Work task ▸
Beginning with the line of the entries below that holds "Ніжний яєчний скрембл" and ending with the line that holds "فذهب ليقطعها، فضرب", transcribe each line exactly as written. Pictures stay out.

Extracted information ▸
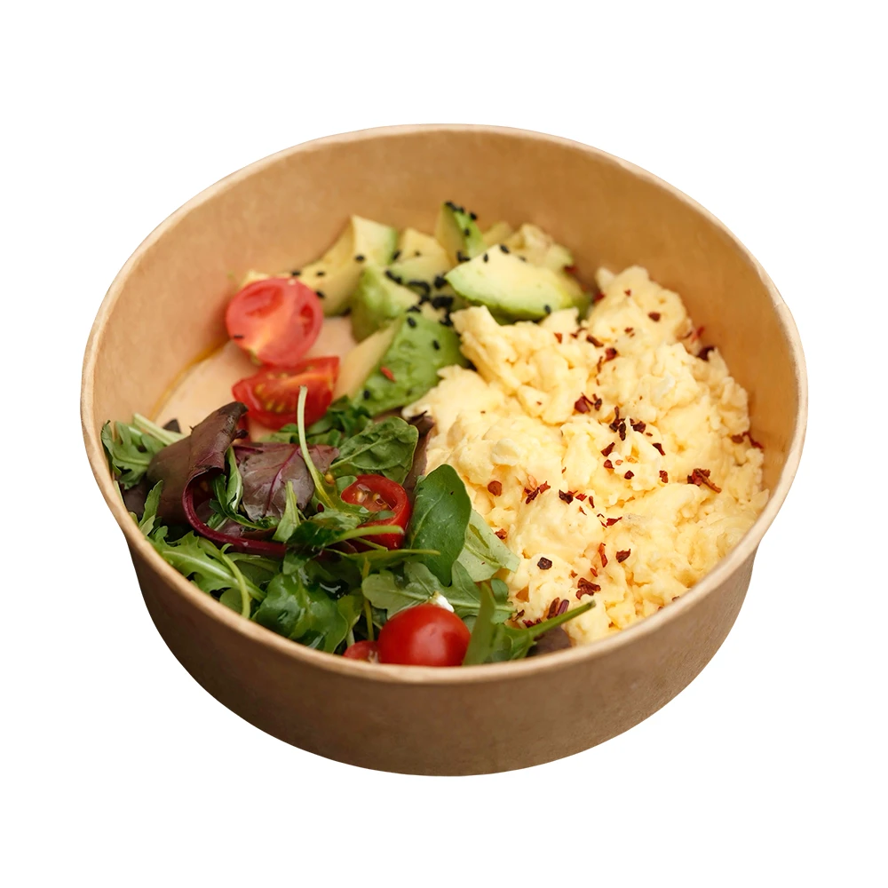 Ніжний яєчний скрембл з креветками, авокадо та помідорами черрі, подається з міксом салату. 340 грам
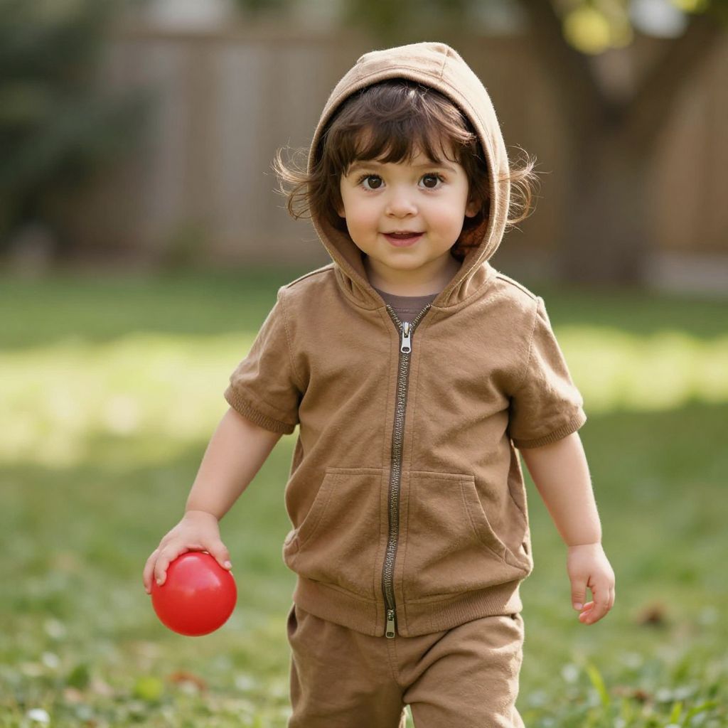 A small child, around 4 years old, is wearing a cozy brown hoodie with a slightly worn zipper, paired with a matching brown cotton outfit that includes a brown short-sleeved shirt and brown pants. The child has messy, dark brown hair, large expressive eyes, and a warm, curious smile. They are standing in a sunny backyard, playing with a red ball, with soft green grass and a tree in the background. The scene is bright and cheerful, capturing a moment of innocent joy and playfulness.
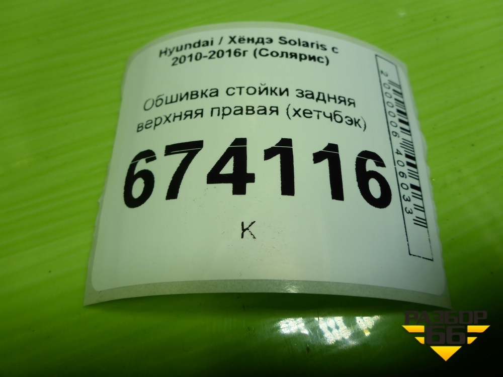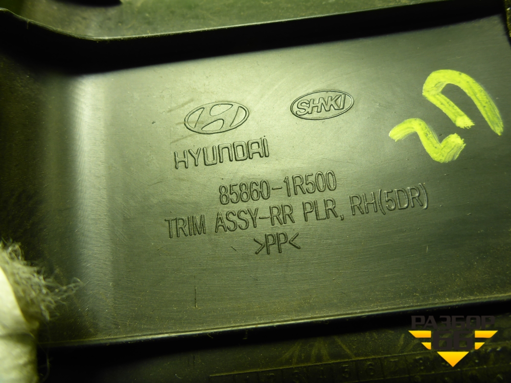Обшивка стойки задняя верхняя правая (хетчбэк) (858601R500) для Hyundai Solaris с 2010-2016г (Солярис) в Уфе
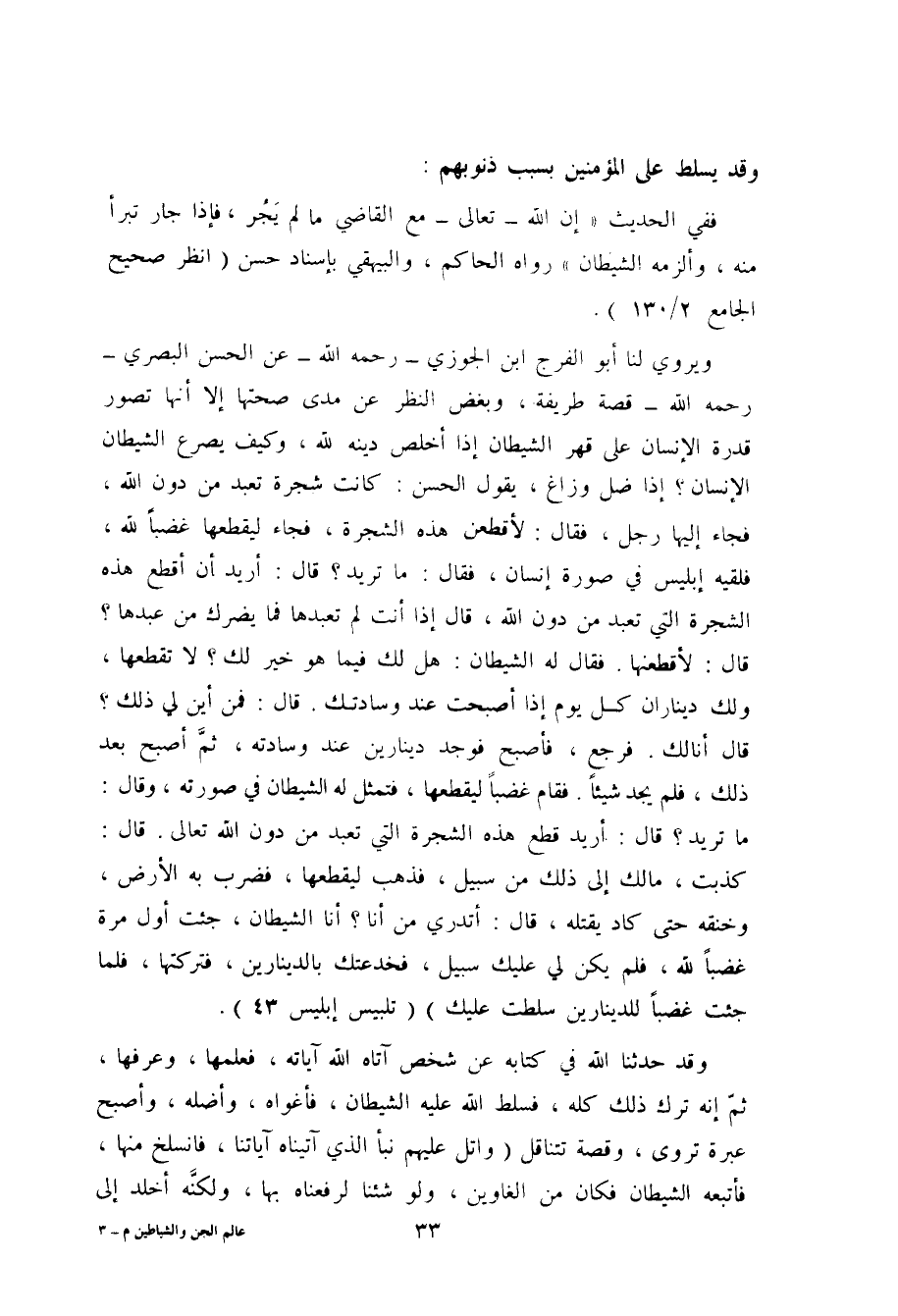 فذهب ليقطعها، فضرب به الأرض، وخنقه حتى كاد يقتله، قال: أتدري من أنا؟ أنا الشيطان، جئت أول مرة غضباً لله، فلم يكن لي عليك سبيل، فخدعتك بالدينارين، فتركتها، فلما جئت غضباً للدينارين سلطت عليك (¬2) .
* * *
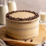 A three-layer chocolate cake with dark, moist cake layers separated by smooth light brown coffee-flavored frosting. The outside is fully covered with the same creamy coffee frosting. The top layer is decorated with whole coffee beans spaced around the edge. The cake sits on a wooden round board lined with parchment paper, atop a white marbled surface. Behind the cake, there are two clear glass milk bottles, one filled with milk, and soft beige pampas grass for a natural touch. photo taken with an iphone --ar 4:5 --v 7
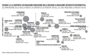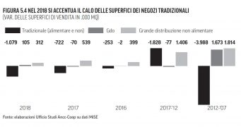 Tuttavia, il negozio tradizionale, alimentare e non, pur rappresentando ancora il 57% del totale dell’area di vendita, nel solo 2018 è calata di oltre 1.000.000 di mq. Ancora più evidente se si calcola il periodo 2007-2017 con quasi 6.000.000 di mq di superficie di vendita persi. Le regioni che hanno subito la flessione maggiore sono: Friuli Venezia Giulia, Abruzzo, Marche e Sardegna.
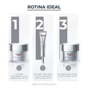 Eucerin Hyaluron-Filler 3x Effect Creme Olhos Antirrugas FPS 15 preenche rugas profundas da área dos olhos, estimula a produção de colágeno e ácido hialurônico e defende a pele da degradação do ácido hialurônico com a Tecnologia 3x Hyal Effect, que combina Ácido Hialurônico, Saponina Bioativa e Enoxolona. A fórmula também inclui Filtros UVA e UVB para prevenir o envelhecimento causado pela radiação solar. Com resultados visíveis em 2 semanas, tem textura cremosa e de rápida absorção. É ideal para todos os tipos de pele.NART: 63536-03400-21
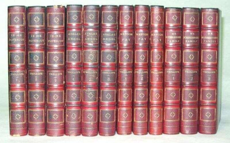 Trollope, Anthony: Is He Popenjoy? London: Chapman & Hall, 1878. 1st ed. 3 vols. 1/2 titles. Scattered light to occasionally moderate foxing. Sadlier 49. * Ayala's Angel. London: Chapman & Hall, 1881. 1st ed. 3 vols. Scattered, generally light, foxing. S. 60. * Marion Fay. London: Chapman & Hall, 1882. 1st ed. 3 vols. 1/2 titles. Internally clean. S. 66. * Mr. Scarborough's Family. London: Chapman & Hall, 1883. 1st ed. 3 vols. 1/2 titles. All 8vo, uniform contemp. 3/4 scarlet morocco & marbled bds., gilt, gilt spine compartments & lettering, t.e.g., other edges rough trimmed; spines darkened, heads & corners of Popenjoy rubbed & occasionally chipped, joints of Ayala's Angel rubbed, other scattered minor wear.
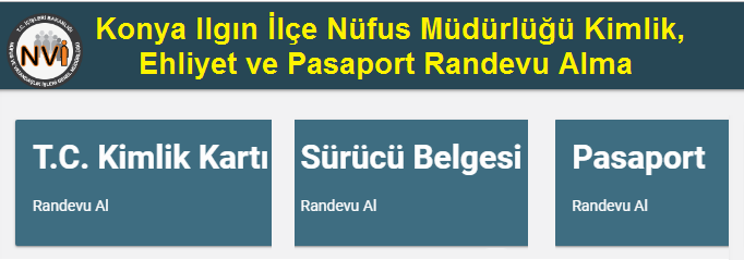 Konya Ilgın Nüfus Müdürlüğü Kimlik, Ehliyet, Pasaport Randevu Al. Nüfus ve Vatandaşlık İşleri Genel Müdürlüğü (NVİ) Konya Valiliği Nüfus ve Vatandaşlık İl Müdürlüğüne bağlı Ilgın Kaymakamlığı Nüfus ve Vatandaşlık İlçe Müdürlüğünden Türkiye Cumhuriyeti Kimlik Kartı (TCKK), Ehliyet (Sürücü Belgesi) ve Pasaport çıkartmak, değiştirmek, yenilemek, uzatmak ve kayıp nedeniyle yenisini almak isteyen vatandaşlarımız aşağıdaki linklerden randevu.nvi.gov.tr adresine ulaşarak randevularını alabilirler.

Reply ▸
 Ніжний яєчний скрембл з креветками, авокадо та помідорами черрі, подається з міксом салату. 340 грам
 A small child, around 4 years old, is wearing a cozy brown hoodie with a slightly worn zipper, paired with a matching brown cotton outfit that includes a brown short-sleeved shirt and brown pants. The child has messy, dark brown hair, large expressive eyes, and a warm, curious smile. They are standing in a sunny backyard, playing with a red ball, with soft green grass and a tree in the background. The scene is bright and cheerful, capturing a moment of innocent joy and playfulness.
Обшивка стойки задняя верхняя правая (хетчбэк) (858601R500) для Hyundai Solaris с 2010-2016г (Солярис) в Уфе
 فذهب ليقطعها، فضرب به الأرض، وخنقه حتى كاد يقتله، قال: أتدري من أنا؟ أنا الشيطان، جئت أول مرة غضباً لله، فلم يكن لي عليك سبيل، فخدعتك بالدينارين، فتركتها، فلما جئت غضباً للدينارين سلطت عليك (¬2) .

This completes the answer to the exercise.